Elastic properties and activation energy profiles of viscosity in Ge–Se system across the glass-transition range

• The relation between the shear modulus and the viscosity of Ge–Se system is examined.
• The Wachtman equation describes reasonably well the shear modulus data.
• The shoving model for viscosity is well applicable even to the glass state.
• The VFT–BSCNF relation is applied to the low viscosity regime.
• The activation energy exhibits a maximum value across the glass-transition range.
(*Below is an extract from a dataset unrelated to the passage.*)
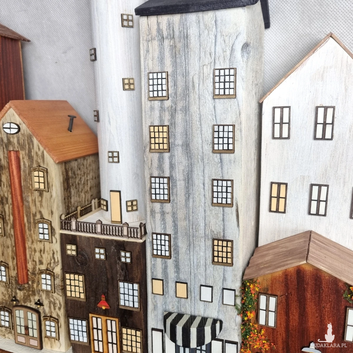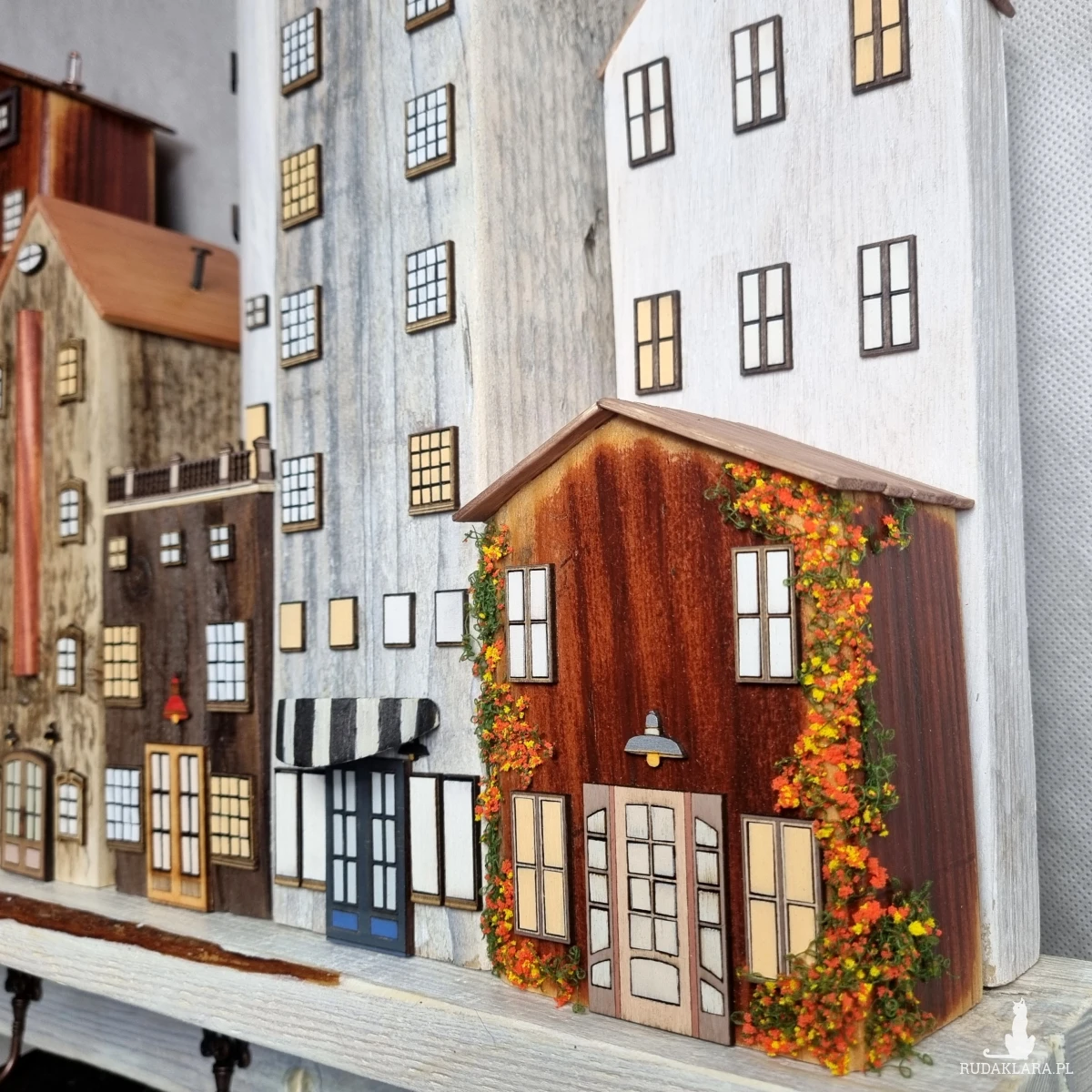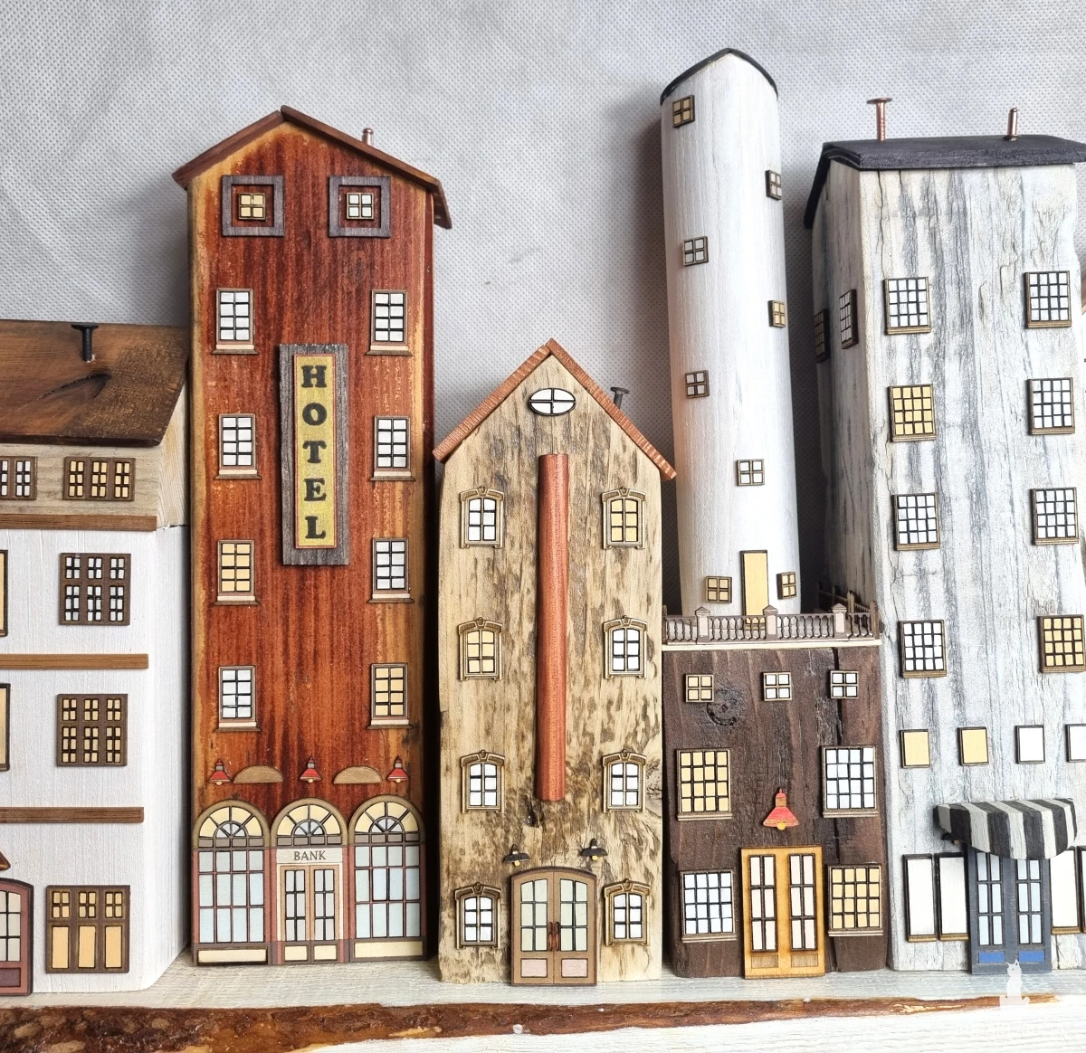 Drewniane domki handmade, mogące służyć jako wieszak na klucze (5), ręczniki inne drobiazgi. Domki wykonane desek ze starych palet z odzysku. Drewno bejcowane, woskowane, malowane w różnych odcieniach - ładnie podkreślające starość drewna - malowane bezbarwną farbą akrylową. Drewniane, wycinane okna i drzwi, również inne detale. Długość 60 cm, wysokość 45 cm, grubość 10 cm . Całość do zawieszenia na ścianie na 2 hakach. (5)
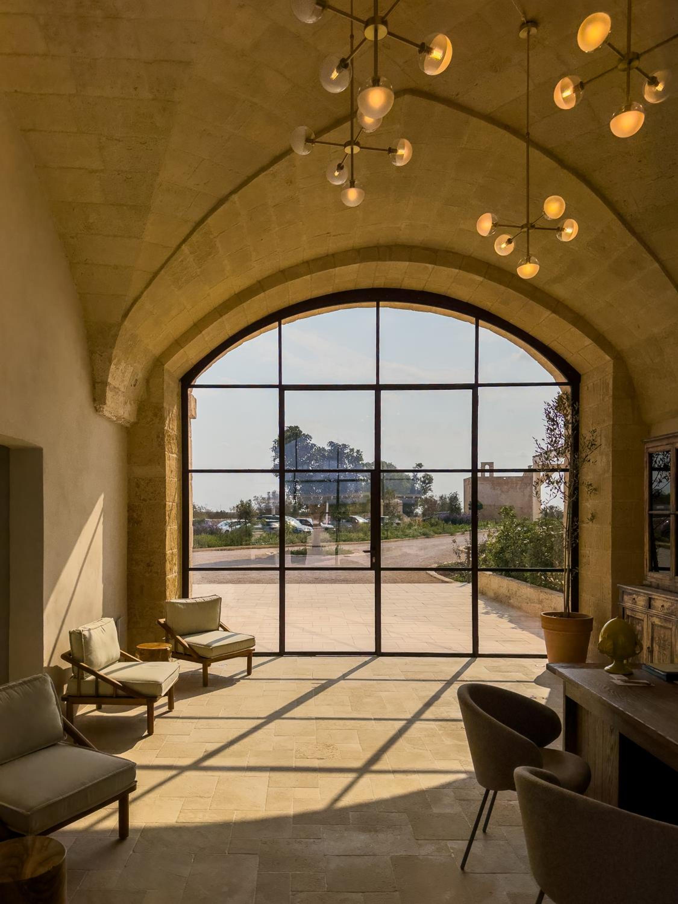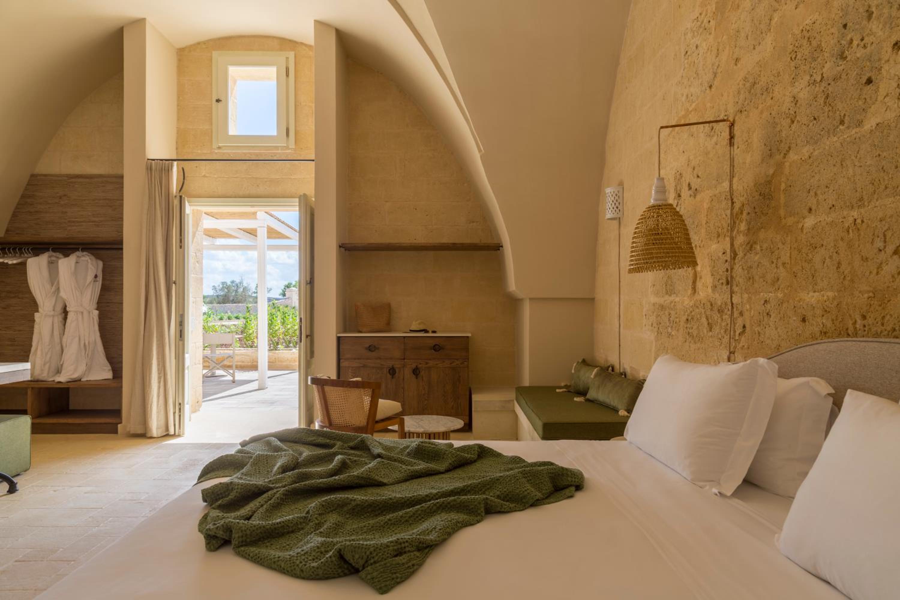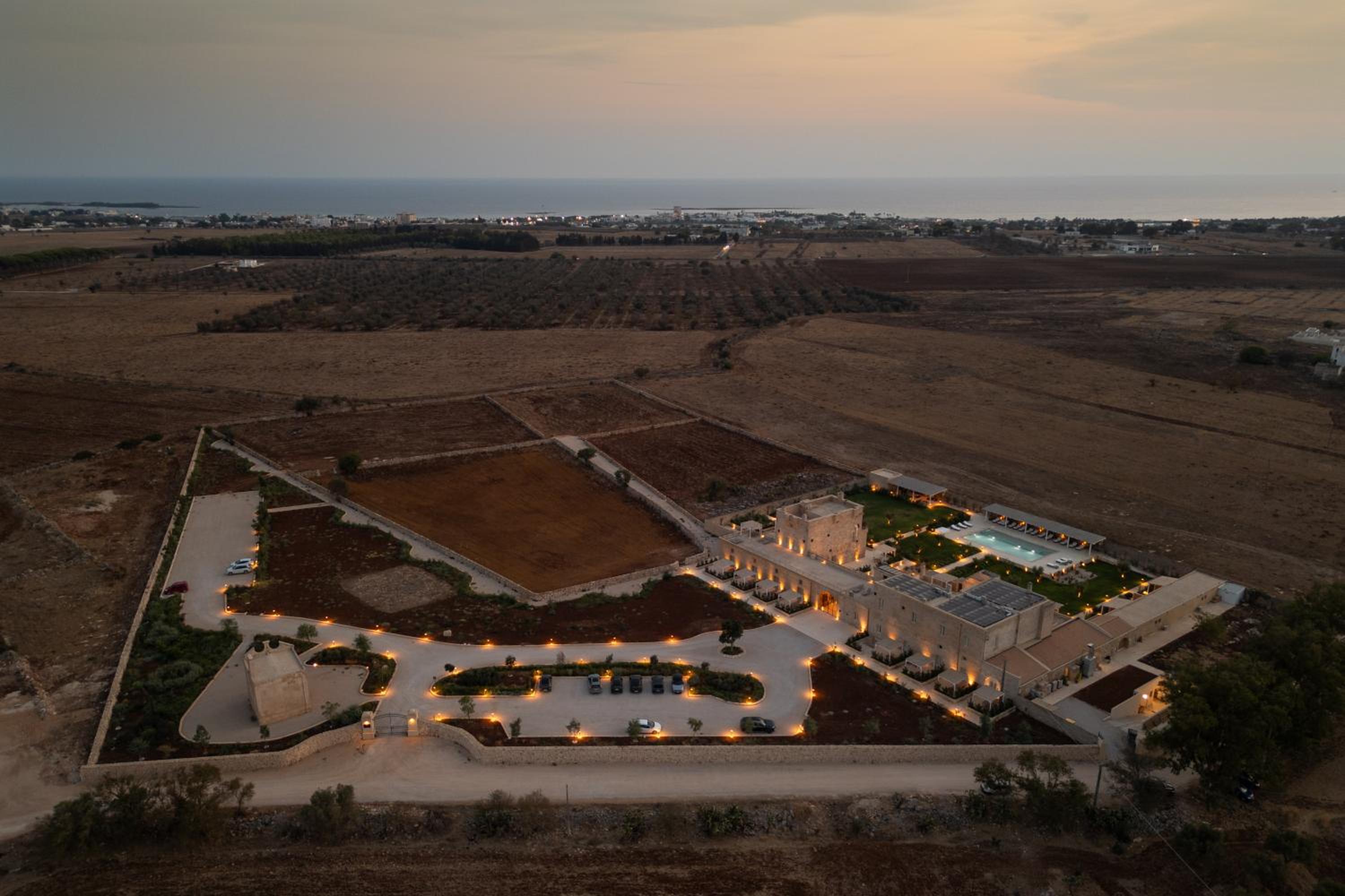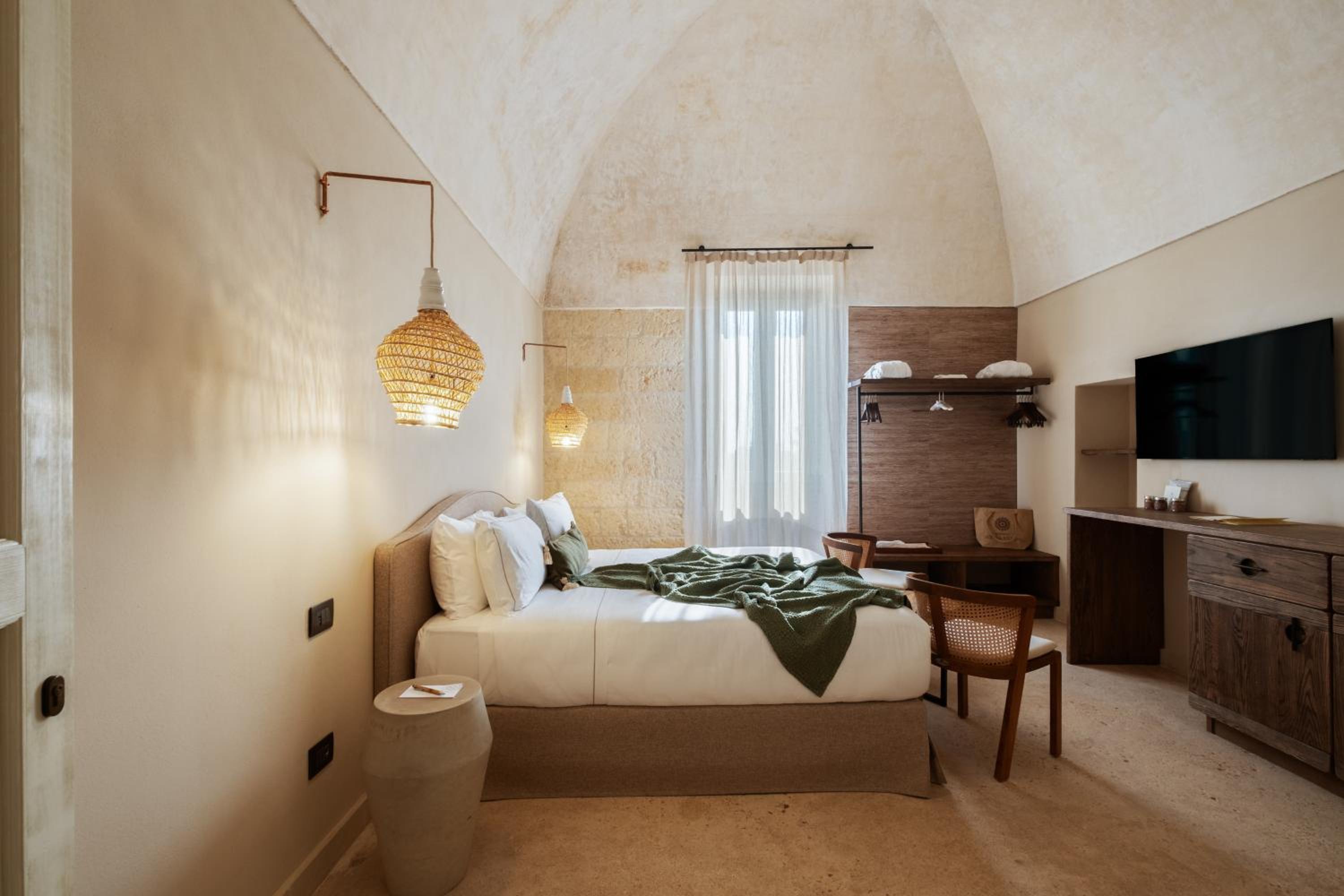 Masseria di lusso magistralmente restaurata che trasmette una naturale sensazione di relax e serenità vicina alle più belle spiagge del Salento. Belle e grandi le camere e colazione molto completa e soddisfacente. Buono anche il ristorante e bella piscina.

The relation between the temperature dependence of shear modulus G(T) and viscosity η(T) of GexSe1 − x (0 ≤x≤0.30) system across the glass-transition range is investigated using several ideas: the Wachtman equation for G, the shoving model and the bond strength–coordination number fluctuation (BSCNF) model of viscosity. Firstly, the present study shows that the empirical Wachtman equation reproduces reasonably well the shear modulus data. Next, it is shown that the shoving model implemented with the analysis of G describes quite well the high viscosity data in the glass state. Besides, the viscosity in the supercooled liquid side, especially for Ge3Se7, exhibits a clear change from Arrhenius-like to VFT-like temperature dependence upon heating. From the viscosity analysis for the composition GeSe4, GeSe3 and Ge3Se7, we obtain a maximum value for the activation energy across the glass-transition range. This result implies that there is an energetic barrier that the structural units need to surmount collectively before the occurrence of the viscous flow. The temperature variation of the activation energy also suggests that in terms of the BSCNF model, the decomposition of network structure upon heating is linked with the collective excitations of the structural units, which gives a viewpoint relevant to the softening of glass.